--- START ---
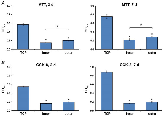 Proliferation/viability of Ca9-22 cells grown on different surfaces. Ca9-22 cells were cultured on TCP, inner and outer aligners’ surfaces. Proliferation/viability was measured after two and seven days incubation by MTT (A) and CCK-8 (B) assays. Cells grown on tissue culture plastic served as control. Y-axis represents the optical density (OD) measured at 570 nm and 450 nm. Data represents mean ± s.e.m. of four independent experiments. *—significantly lower compared to control; #—significantly different between groups. p < 0.05.
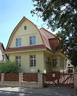 Das Gebäude entstand in den Jahren 1911/12 als kleines Siedlungshaus. Die Fassadengestaltung weist Elemente des Jugendstils und des Neoklassizismus auf.
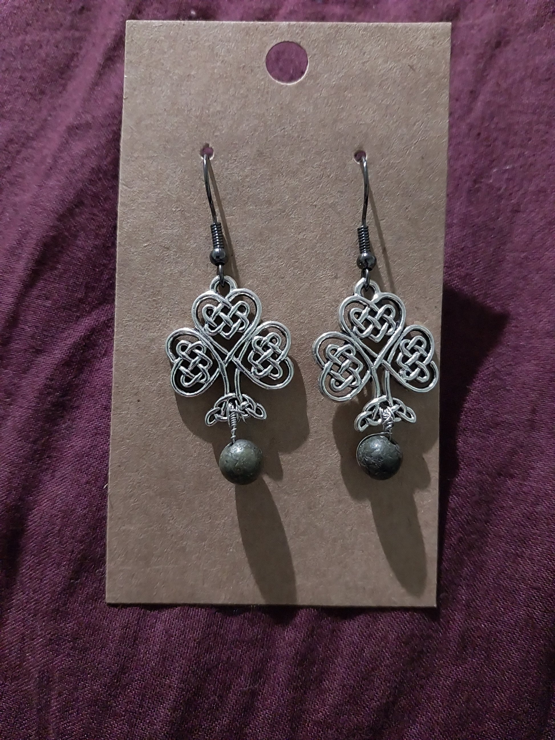 Grounded in growth, woven with intention. “Rooted Luck” is a talisman of transformation—featuring intricate silver knotwork in the shape of a four-leaf clover, paired with the earthy power of epidote. These earrings are more than adornment; they’re a whisper from the universe to trust your path and expand with grace.
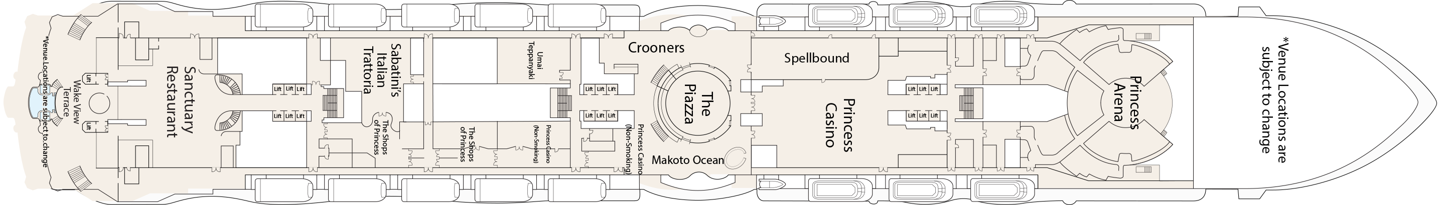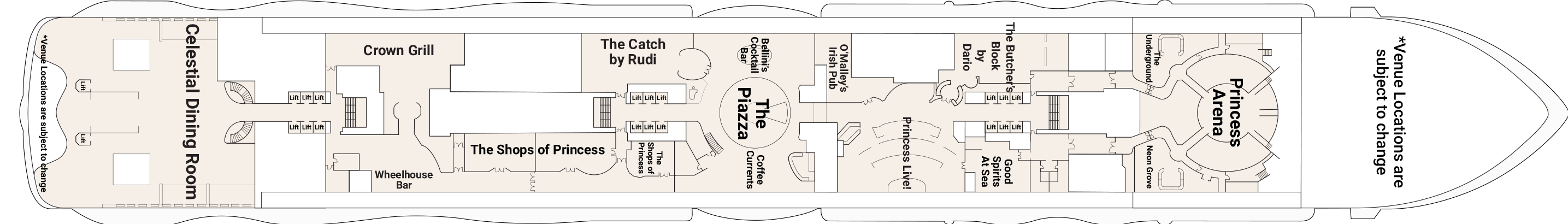Princess Live! provides non-stop entertainment throughout the day and each evening with trivia, game shows, the Daily Wake Show, live concerts and late-night comedy. Our new design is relaxed and right next to the nearby dining venues — Crown Grill and Good Spirits At Sea — seamlessly integrating your entertainment and dining favourites.
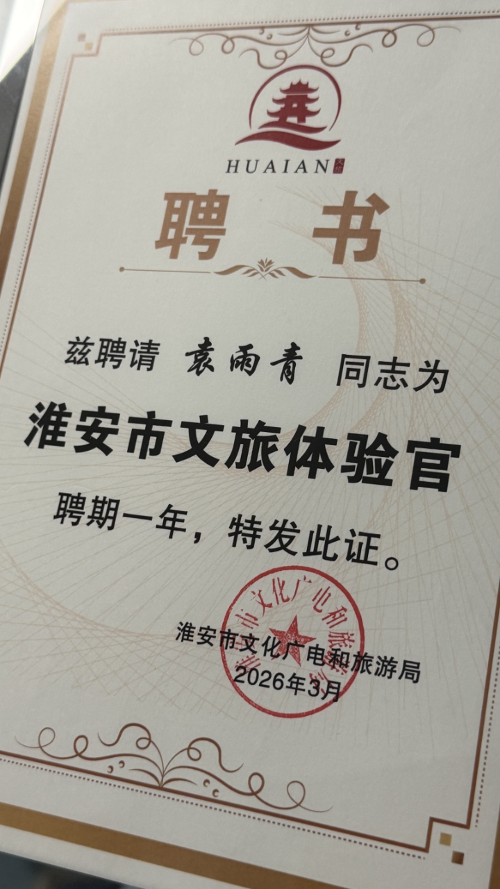 如今,袁雨青用镜头“拼”出的洪泽文旅画卷,已被更多人看见。“淮安印象”账号全网累计收获60多万粉丝,全年浏览量突破2亿,多条作品被新华社、中国记协等权威平台转载,其中《世界赠予我的》(洪泽文旅版)更是斩获淮安市“百里画廊”短视频大赛一等奖,成为洪泽文旅最亮眼的“名片”。这份坚守也收获了认可:2024年,袁雨青被聘为“洪泽文旅推荐官”;2025年12月,荣立“三等功”;2026年3月,被聘为“淮安市文旅体验官”。(王生标)
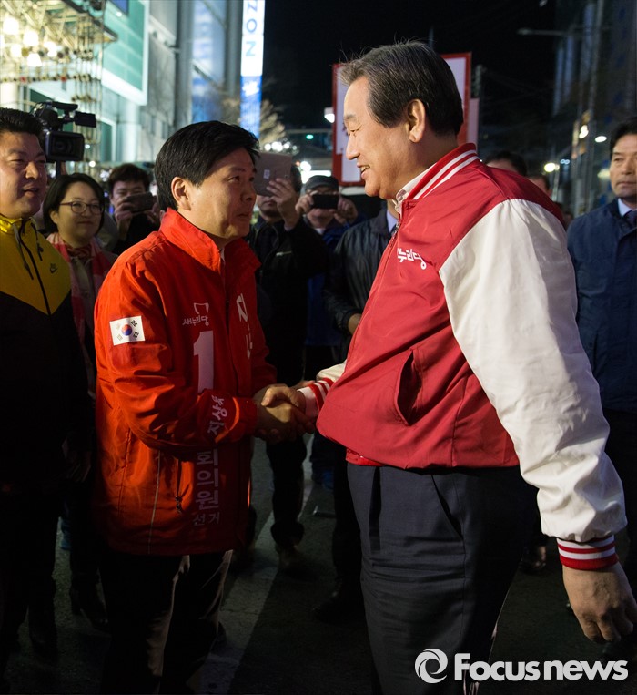 (서울=포커스뉴스) 4.13총선 공식선거운동 첫날인 31일 오전 서울 중구 동대문 누죤 앞에서 김무성 새누리당 공동선대위원장이 지상욱 서울 중구성동구을 후보와 악수를 하고 있다.
--- END ---
# [Exercise requirements]
Please give a word-for-word transcript of the lines from the one holding "Grounded in growth, woven" through the final line of the entries, both ends kept, with no pictures.

# [Response]
 Grounded in growth, woven with intention. “Rooted Luck” is a talisman of transformation—featuring intricate silver knotwork in the shape of a four-leaf clover, paired with the earthy power of epidote. These earrings are more than adornment; they’re a whisper from the universe to trust your path and expand with grace.
Princess Live! provides non-stop entertainment throughout the day and each evening with trivia, game shows, the Daily Wake Show, live concerts and late-night comedy. Our new design is relaxed and right next to the nearby dining venues — Crown Grill and Good Spirits At Sea — seamlessly integrating your entertainment and dining favourites.
 如今,袁雨青用镜头“拼”出的洪泽文旅画卷,已被更多人看见。“淮安印象”账号全网累计收获60多万粉丝,全年浏览量突破2亿,多条作品被新华社、中国记协等权威平台转载,其中《世界赠予我的》(洪泽文旅版)更是斩获淮安市“百里画廊”短视频大赛一等奖,成为洪泽文旅最亮眼的“名片”。这份坚守也收获了认可:2024年,袁雨青被聘为“洪泽文旅推荐官”;2025年12月,荣立“三等功”;2026年3月,被聘为“淮安市文旅体验官”。(王生标)
 (서울=포커스뉴스) 4.13총선 공식선거운동 첫날인 31일 오전 서울 중구 동대문 누죤 앞에서 김무성 새누리당 공동선대위원장이 지상욱 서울 중구성동구을 후보와 악수를 하고 있다.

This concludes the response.